Yeah, there's definitely bias in the population who would use TeslaFi too, so good to be careful about what types of analysis are reasonable. Of the remaining vehicles on 2023.44.30.8, there's about 2740 in the US and of those 580 are in California for 21%, and on 2023.44.30.14 600 California / 2810 US also 21%. So far, these are the only 2 versions on the service updating to 2023.44.30.20 with 12.2.1, and all 48 vehicles so far are in US with all but one from California for 98%. And the odd one in Nevada might have actually normally been in California but temporarily traveling next door when updating.

It'll be interesting to see if Tesla continues this staggered rollout for later 12.x of 1) limited California 2) wider California & limited other states 3) presumably wider for all.
 
  • Like
Reactions: JB47394
I think the jerks were because of the unusual road conditions. No approaching vehicles. The right side is about 90 degrees and usually blocked by parked cars.
Thanks for the details. It'll be interesting if it's pretty consistently jerky for that intersection and if it does that too for other intersections with parked cars. End-to-end training should result in learned human behaviors, so maybe there's something it's trying to mimic similar to how you say you slowly take the turn. But there's also the special training that Tesla applies such as full stops for taught behaviors, so there could be some mixing of the two behaviors resulting in jerk.

One potential taught behavior could be Tesla providing extra examples of creeping forwards before committing to a turn as that's no longer explicitly controlled where 11.x shows the blue creep wall visualization.
 
I find it a valuable setting on All roads equally.
As do I with V11. It's on my FSD start checklist.
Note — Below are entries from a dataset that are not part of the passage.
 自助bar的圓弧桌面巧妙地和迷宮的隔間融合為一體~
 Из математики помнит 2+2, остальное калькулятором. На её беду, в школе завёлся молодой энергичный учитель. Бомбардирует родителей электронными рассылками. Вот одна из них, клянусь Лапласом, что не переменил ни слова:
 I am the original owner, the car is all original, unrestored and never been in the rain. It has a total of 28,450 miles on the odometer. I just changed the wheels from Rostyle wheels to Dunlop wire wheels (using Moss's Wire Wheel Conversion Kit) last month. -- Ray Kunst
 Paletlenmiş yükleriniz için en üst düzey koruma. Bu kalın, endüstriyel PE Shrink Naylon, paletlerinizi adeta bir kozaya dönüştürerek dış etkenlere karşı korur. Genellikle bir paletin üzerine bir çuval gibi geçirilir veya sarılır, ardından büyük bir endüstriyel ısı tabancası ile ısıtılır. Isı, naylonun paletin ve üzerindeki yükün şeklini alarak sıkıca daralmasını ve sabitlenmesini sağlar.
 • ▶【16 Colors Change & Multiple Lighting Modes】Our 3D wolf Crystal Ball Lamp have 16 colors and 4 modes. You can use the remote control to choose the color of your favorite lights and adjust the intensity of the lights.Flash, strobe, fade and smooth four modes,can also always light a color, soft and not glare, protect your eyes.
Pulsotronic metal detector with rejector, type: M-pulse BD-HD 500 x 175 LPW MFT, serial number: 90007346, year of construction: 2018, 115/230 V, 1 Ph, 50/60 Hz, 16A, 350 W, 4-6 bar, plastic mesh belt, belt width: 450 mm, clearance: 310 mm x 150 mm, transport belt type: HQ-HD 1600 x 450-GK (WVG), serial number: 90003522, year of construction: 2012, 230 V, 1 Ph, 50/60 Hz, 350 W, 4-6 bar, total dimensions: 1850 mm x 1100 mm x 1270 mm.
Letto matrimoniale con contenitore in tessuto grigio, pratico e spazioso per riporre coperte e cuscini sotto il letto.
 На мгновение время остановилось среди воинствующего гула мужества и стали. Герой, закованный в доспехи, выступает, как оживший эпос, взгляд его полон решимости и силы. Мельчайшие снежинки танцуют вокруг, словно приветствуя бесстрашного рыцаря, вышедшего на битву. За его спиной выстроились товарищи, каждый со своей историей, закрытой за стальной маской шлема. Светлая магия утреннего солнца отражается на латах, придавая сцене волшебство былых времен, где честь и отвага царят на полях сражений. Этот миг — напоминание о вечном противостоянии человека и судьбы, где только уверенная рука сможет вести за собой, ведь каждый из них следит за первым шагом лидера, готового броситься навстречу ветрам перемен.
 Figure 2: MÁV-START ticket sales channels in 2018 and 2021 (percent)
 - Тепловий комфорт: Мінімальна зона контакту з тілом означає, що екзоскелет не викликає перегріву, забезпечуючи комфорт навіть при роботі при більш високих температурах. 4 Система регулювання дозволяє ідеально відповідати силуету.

I'm trying to figure out if V11 is handling highway driving for V12. If that setting is only accessible on highways, or if it only applies on highways, then it would lend further credence to that theory. If secondary road driving with V12 is abiding by that setting, then either it's a setting apart from the control system or V12 has incorporated that setting into the neural network behavior.

Has anyone seen V12 show messages explaining lane changes that aren't required to stay on route? Does it show any messages?
 
Last edited:
  • Informative
Reactions: gsmith123
Is that setting available while you're driving on secondary roads or only on highways? Is it observed on secondary roads?
Secondarys too. I just did it with the car in Park in the garage, FSD not engaged. Right thumb wheel, pushed right or left changes the agression setting and brings up a card on the screen which includes the Minimal button. Sadly, there seems to be no voice command for it.
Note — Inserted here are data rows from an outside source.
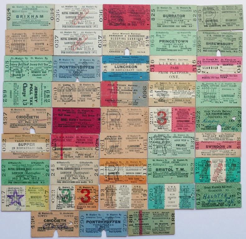 727Approx 40 GWR whole Edmondson tickets including examples for specials and tours including Angler’s Ticket, Fishworker, Jersey Poll Tax. Some issued. £85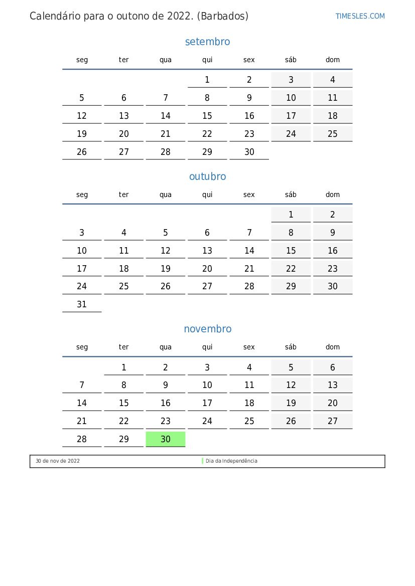 Baixe e imprima calendário em PDF com feriados e fins de semana para o outono de 2022 para Barbados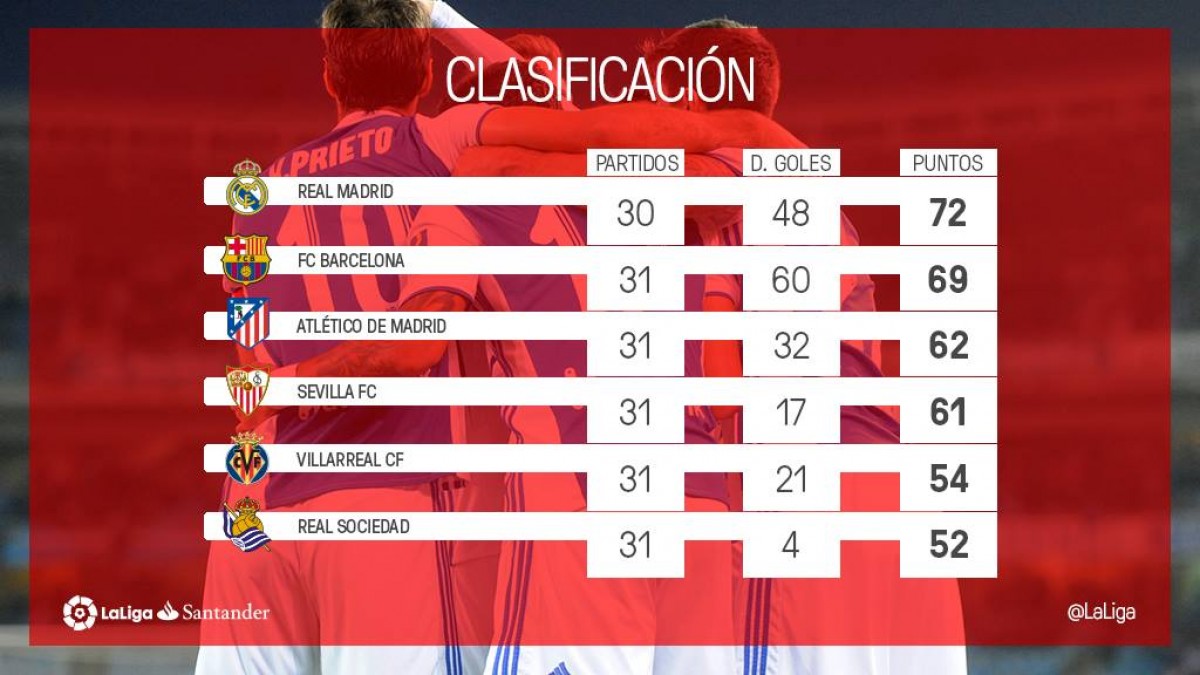 “სოსიედადმა” 52 ქულა დააგროვა და მე-6 ადგილი დაიბრუნა, ხოლო “ხიხონი” 22 ქულით მე-18 საფეხურს იკავებს და მის წინ მყოფ “ლეგანესს” 5 ქულით ჩამორჩება.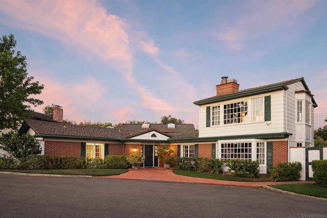 One-Of-A-Kind "Rancho La Jolla" Estate Property. Cherished by the same family for six decades, this extraordinary estate graces 1.23 prime acres. A rare opportunity to create your own legacy in one of La Jolla's most desirable enclaves nestled in privacy and seclusion. The grand, "Rancho La Jolla" estate features a 6,338 square foot classic Ranch Style residence surrounded by mature landscaping with multiple courtyards/seating areas to enjoy the serenity and quietude of the park-like-resort-style setting. See supp... Rancho La Jolla was tastefully remodeled over the years for the growing, 4th generation La Jolla family to take full advantage of San Diego's ideal indoor-outdoor climate and includes expansive windows and doors opening to the sun-drenched patios. Grand entertaining spaces include a formal living room, dining room, entry bar, music room, library, and executive office that complement the oversized Great Room family-kitchen-dining area, accented by Italian tile flooring. With six bedrooms and 4.5 bathrooms, the home the home lives like a single-story, and provides ideal spaces to entertain and retreat. Four gas and wood-burning fireplaces create a cozy and inviting ambiance. The gated, 3-car garage and motor court can be accessed from both La Jolla Rancho Road or Buckingham Road, providing an array of uses and development options for the new owners.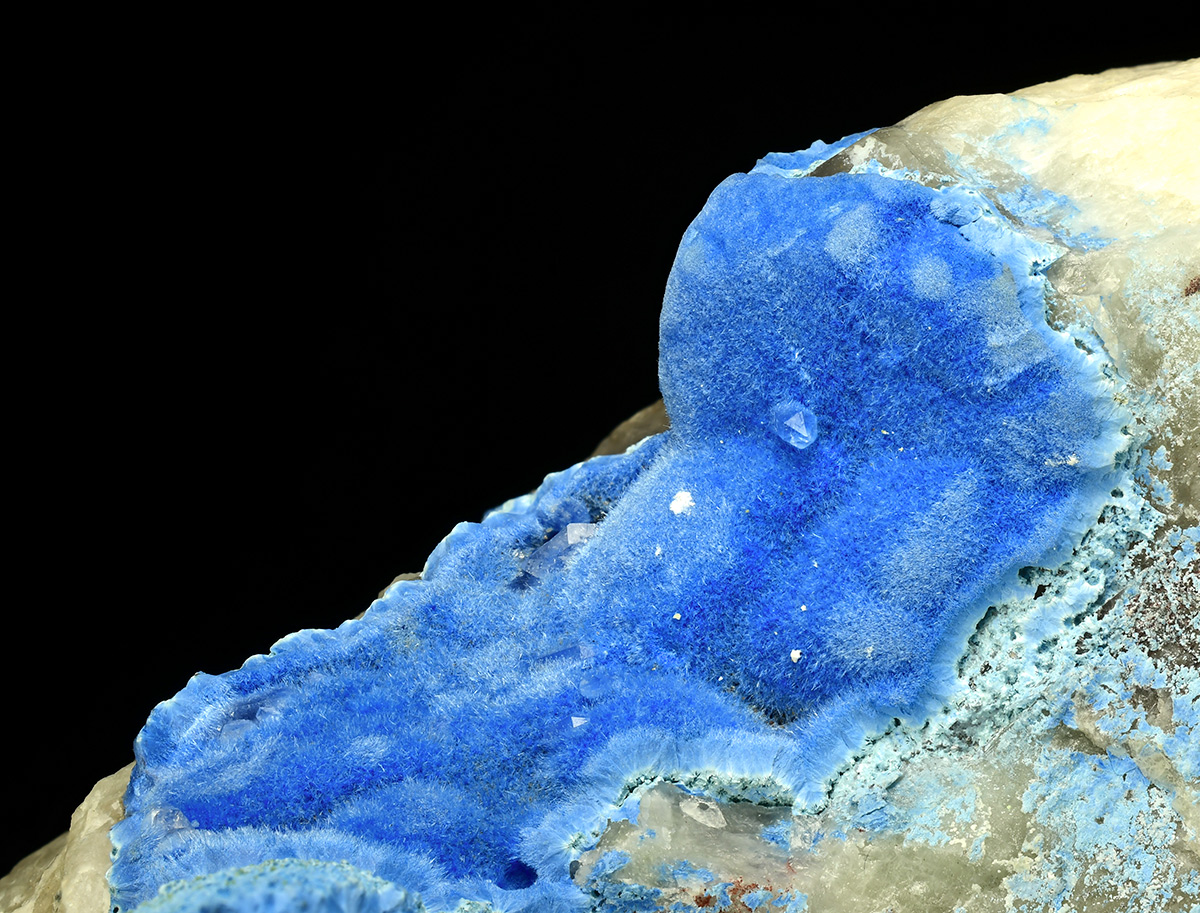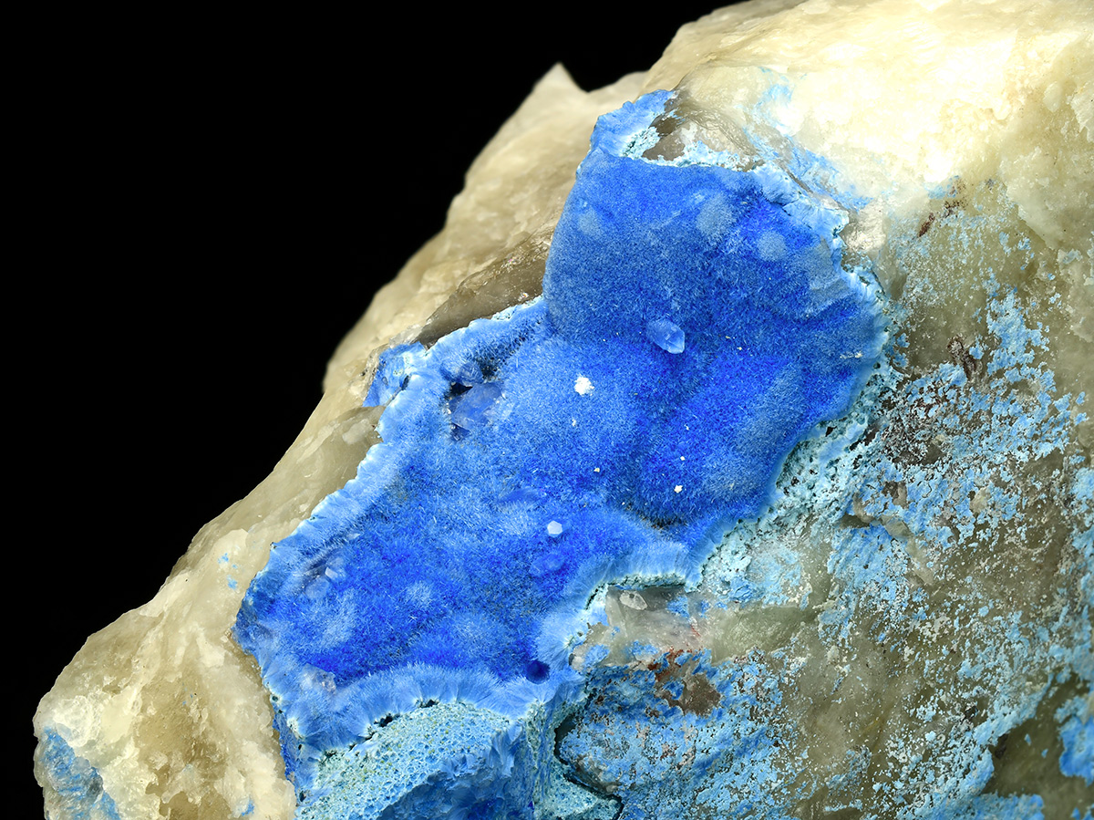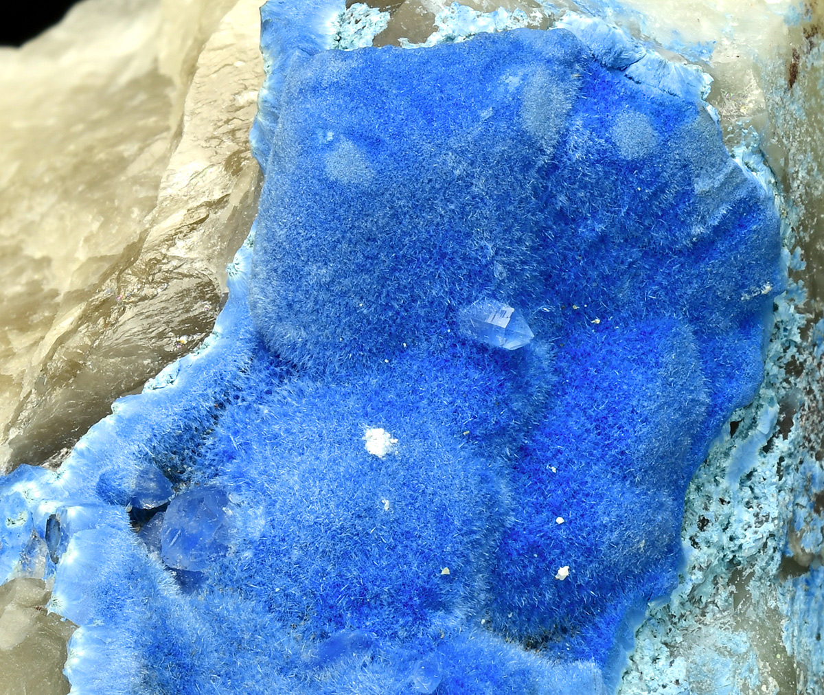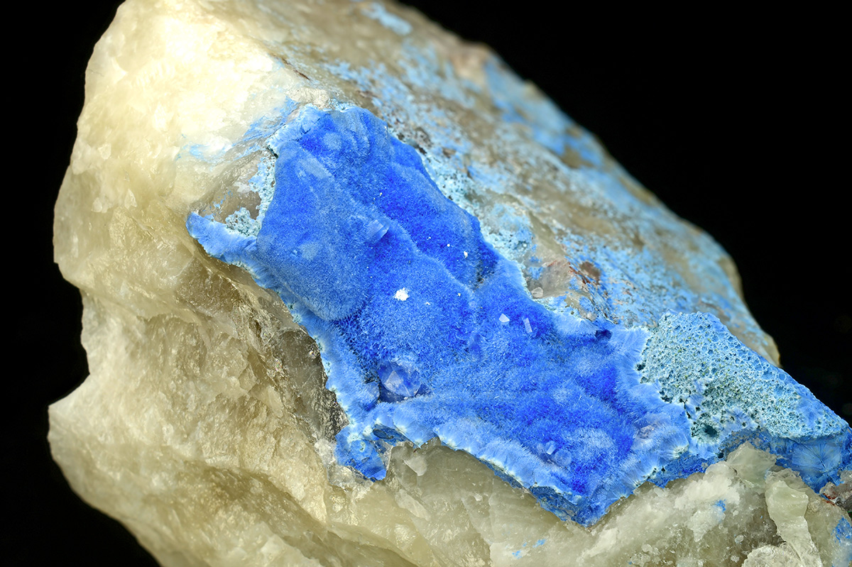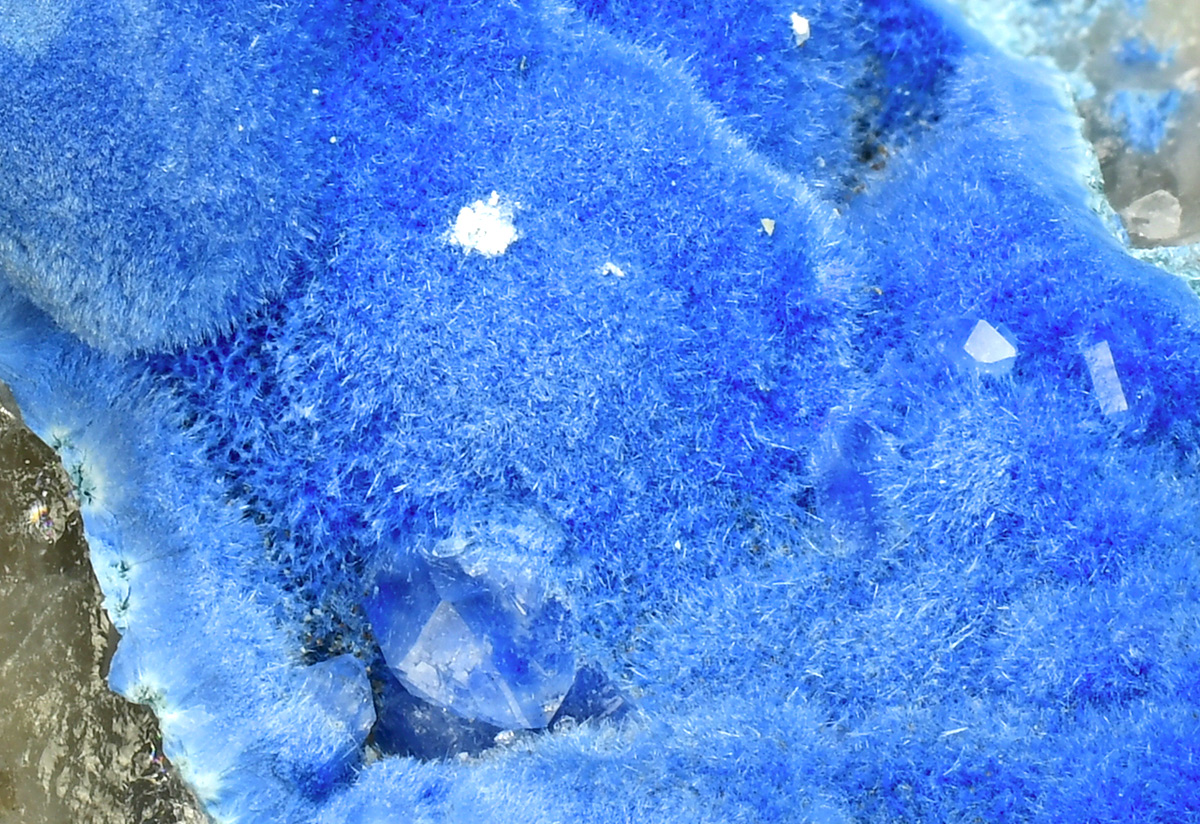 Deep blue needles of Shattuckite on quartz contrasting matrix.

When I remember to, I will set it to minimum lane changes while still on city streets. Otherwise, as soon as we get onto the freeway, it starts to lane-change to the left and I have to stop it and then set to minimum.
 
joined the freeway with no problems for 5 miles, negotiated a roundabout smoothly, almost like a human
Just making sure, this wasn't an interstate? I believe 101 switches between controlled-access freeway and highway with traffic lights and other at-grade crossings. If you toggle the new 12.x "Automatic Set Speed Offset" under Autopilot settings, it might be easier to tell which FSD Beta is active if it helps avoid some not-smooth/un-human-like oddness when it switches back to 11.x.